“GIRIANG-GIRIANG PERAK” (Oleh Makmur Hendrik) Bag 1
PENGANTAR:
Giring-Giring Perak ini novel fiksi. Namun beberapa fakta coba diungkapkan di dalamnya. Antara lain adalah tentang kekejaman Kompeni, tentang kebangkitan orang orang Minangkabau melawan penjajah.
Sayangnya perlawanan itu tidak terkoordinir. Karena orang orang Minang sendiri terpecah dalam puak – puak yang saling bermusuhan demi kepentingan masing masing. Akibatnya Belanda dengan mudah menghancurkan perlawanan yang datangnya dari kelompok kelompok kecil itu.
Kemudian juga tentang kekejaman para penyamun di Bukit Tambuntulang. Bahkan di sana suatu saat dahulu mereka menjadikan bukit itu sebagai suatu kerajaan hukum rimba yang menakutkan. Namun betapa pun jahatnya mereka, jauh di dalam hatinya, mereka ternyata juga anti pada penjajah!
Bukit Tambuntulang dalam cerita ini adalah yang terletak antara Pariaman dan Padangpanjang. Sebab dalam legenda Minangkabau ada beberapa tempat yang berbeda dengan nama yang sama.
Di bukit itu, nyawa anjing lebih berharga ketimbang nyawa manusia. Dalam cerita ini barangkali dapat diketahui sedikit tentang aliran dan asal usul pencak silat di Minangkabau. Semuanya ditulis dari bahan bahan dokumentasi / kepustakaan yang jauh dari memadai. @
Penulis
Bag: 1
Pedati yang berjalan paling depan tiba tiba dihentikan. Dua puluh pedati lainnya yang berjalan di belakang berhenti pula.
“Kenapa berhenti…? seorang lelaki yang berjalan di sisi pedati yang kesepuluh bertanya pada teman di depannya.
Entahlah…. jawab yang ditanya, kemudian menoleh ke depan, lalu berseru.
Ahooi… kenapa berhenti di sini…?
Tak ada jawaban. Perempuan perempuan menyembulkan kepalanya dari dalam pedati tersebut. Seorang lelaki kelihatan berjalan dari depan ke belakang. Nampaknya ada pesan beranting yang disampaikan.

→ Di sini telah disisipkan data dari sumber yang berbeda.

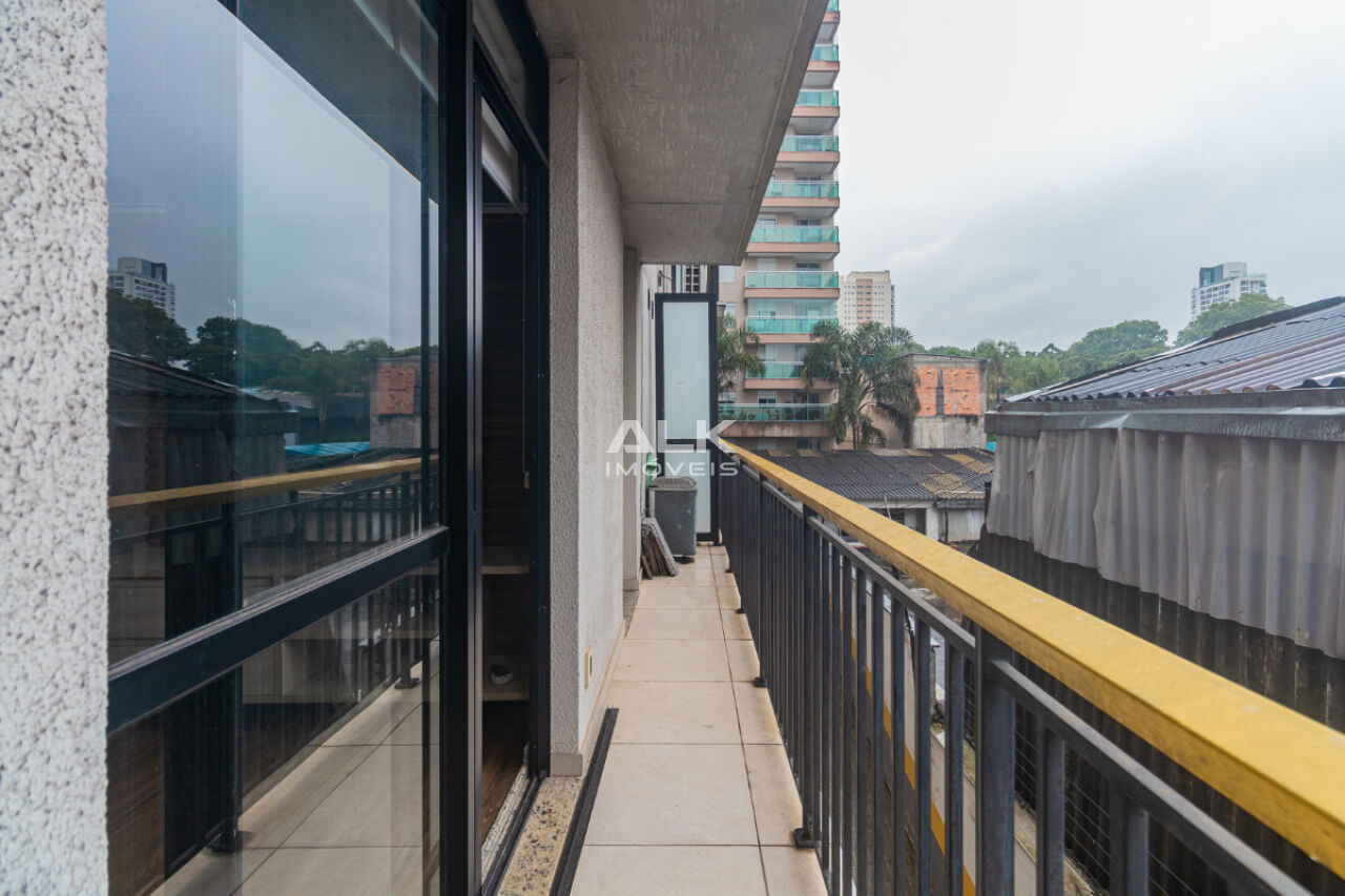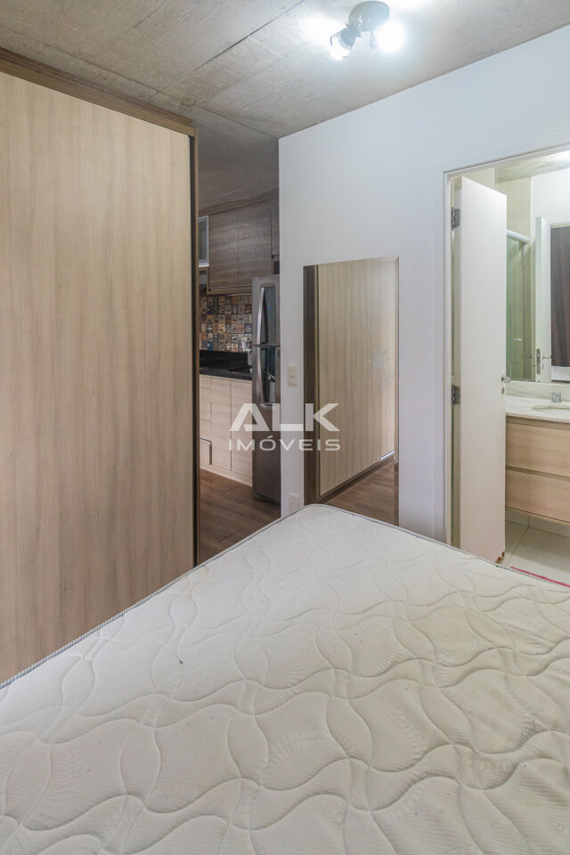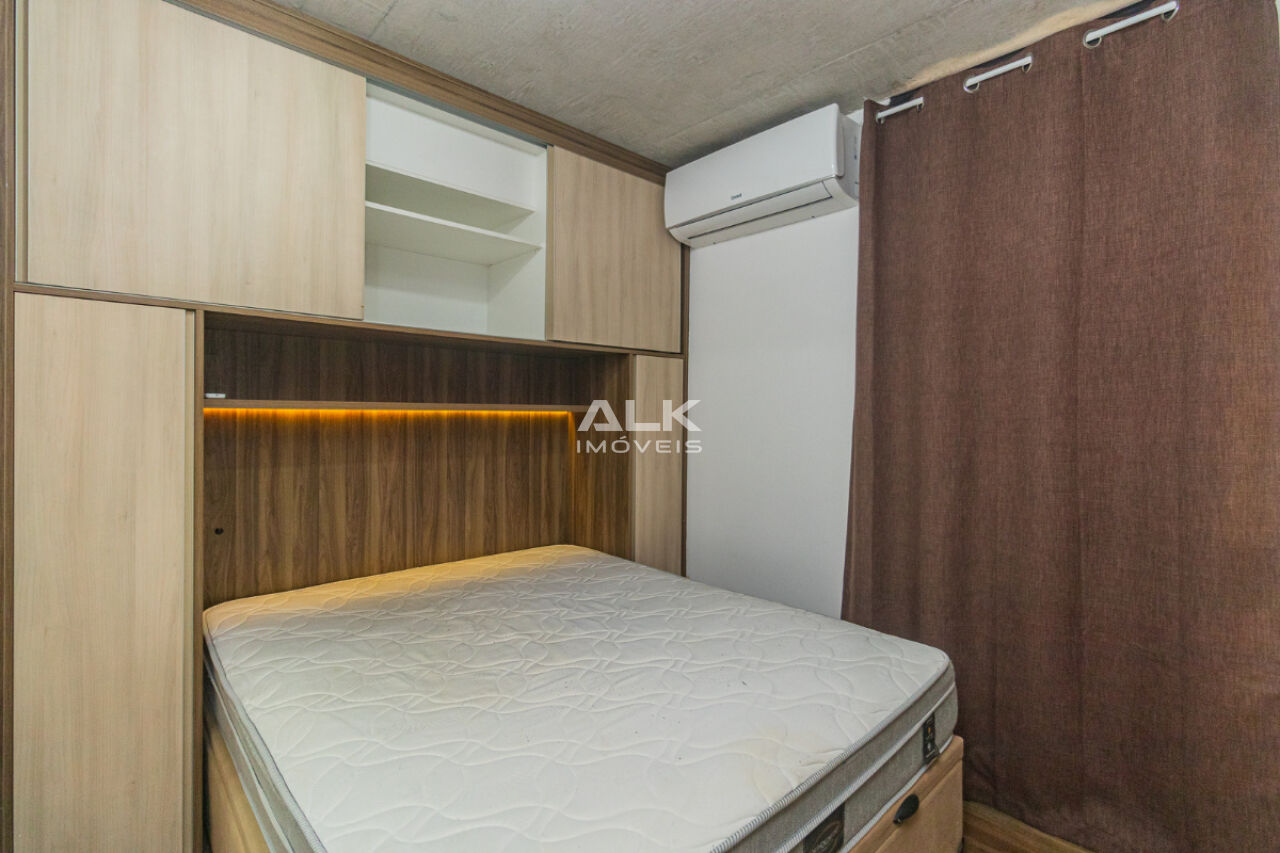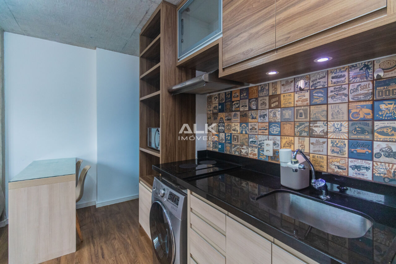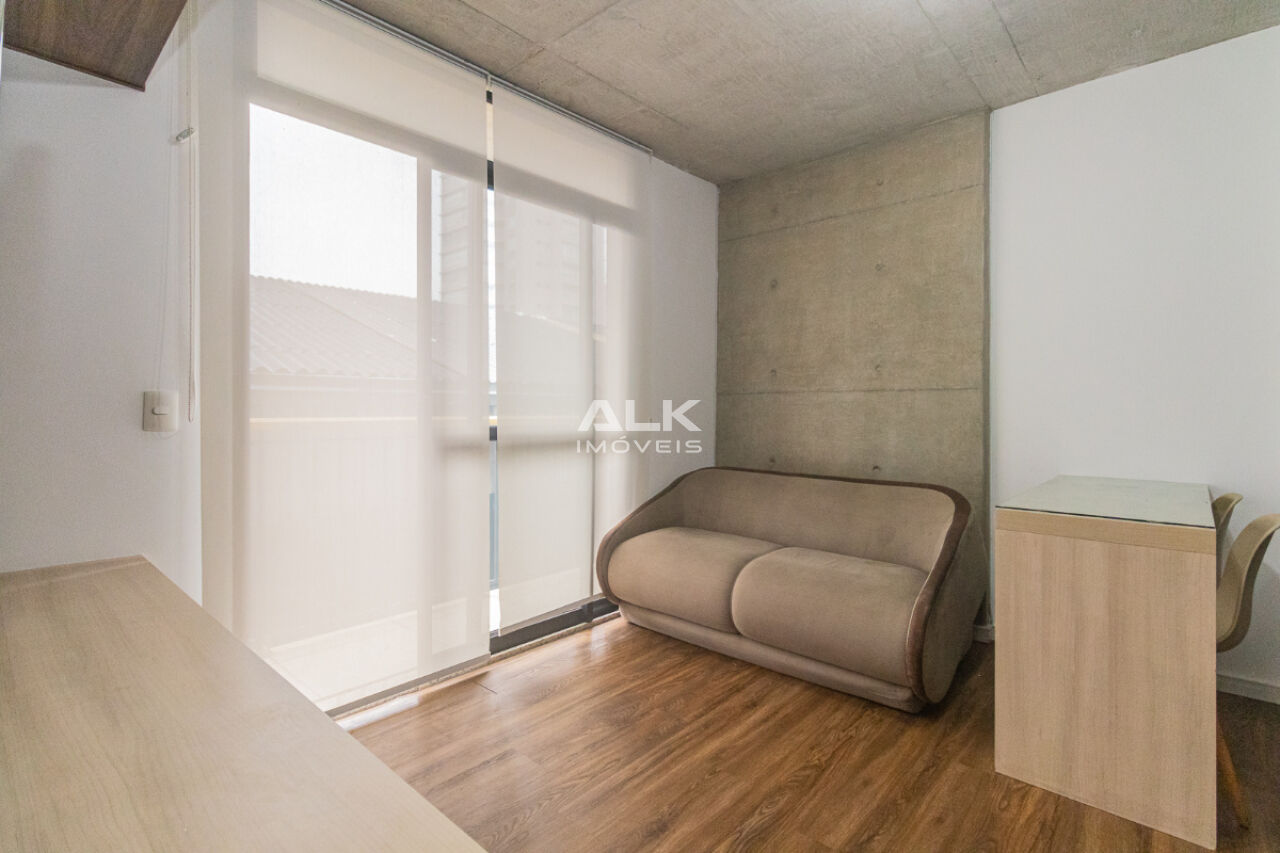 Studio de 32 metros quadrados com 1 quarto com ar-condicionado, 1 banheiro, varanda, sala integrada a cozinha, 1 vaga de garagem com serviço de manobrista. É ideal para quem procura conforto e comodidade. O condomínio tem academia e espaço gourmet.

Dalam waktu singkat, para lelaki pengiring pedati itu sudah berkumpul di depan sekali. Di dekat pedati Datuk Sipasan yang bertindak sebagai pimpinan rombongan. Datuk yang bertubuh besar dan kelihatan berisi itu duduk di sebuah batu besar.
Dia melemparkan pandangannya pada seluruh lelaki yang kini tegak mengelilinginya. Menatap wajah mereka. Melirik tombak di tangan atau pedang dan keris di pinggang mereka. Mulutnya mengunyah sugi tembakau. Kemudian meludahkannya ke tanah.
Kalian lihat bukit itu? katanya tanpa menoleh, tapi ibu jarinya dia acungkan ke belakang.
Semua lelaki yang jumlahnya 20-an orang itu mengikuti arah ibu jari datuk ini. Mereka memang melihat sebuah bukit. Dipenuhi hutan belantara. Dan nampaknya kini mereka tengah menuju ke arah bukit tersebut. Beberapa orang mengangguk. Tapi lebih banyak yang diam.
Itulah Bukit Tambuntulang, ujar datuk itu, seperti tak acuh.
Kali ini semua lelaki di depannya pada menoleh kembali ke bukit tersebut. Kalau tadi dengan sikap tak mengerti atau acuh tak acuh, kini dengan sedikit berdebar. Bahkan ada yang melihat bukit itu dengan sedikit rasa takut.
Bukit Tambuntulang? tanya seseorang dengan nada lemah.
Datuk Sipasan tak menyahut. Mengeruk kantong bajunya, mengambil segumpal tembakau. Meremasnya kuat kuat. Membuat tembakau itu mirip kelereng, atau godok kecil. Kemudian menyelipkannya ke mulut, jadi sugi. Lalu dengan sikap hampir hampir tak acuh dia bicara.
Tak ada jalan lain. Ini satu satunya jalan yang terdekat, dan mudah untuk mencapai Luhak Tanahdatar….
Terdekat, mudah, tapi belum tentu aman…. seseorang lelaki gemuk memakai golok di pinggang menyambung ucapan datuk itu.
Semua yang hadir pada menoleh padanya.
Kenapa pakai kalimat belum tentu aman? Jalan ini memang paling tidak aman! Datuk Siapasan menegaskan. Mulutnya berpiuh piuh memainkan suginya.
Lalu bagaimana?
Kita akan terus! jawab Datuk Sipasan.
Apakah di bukit itu masih ada penyamun? tanya yang bertanya barusan.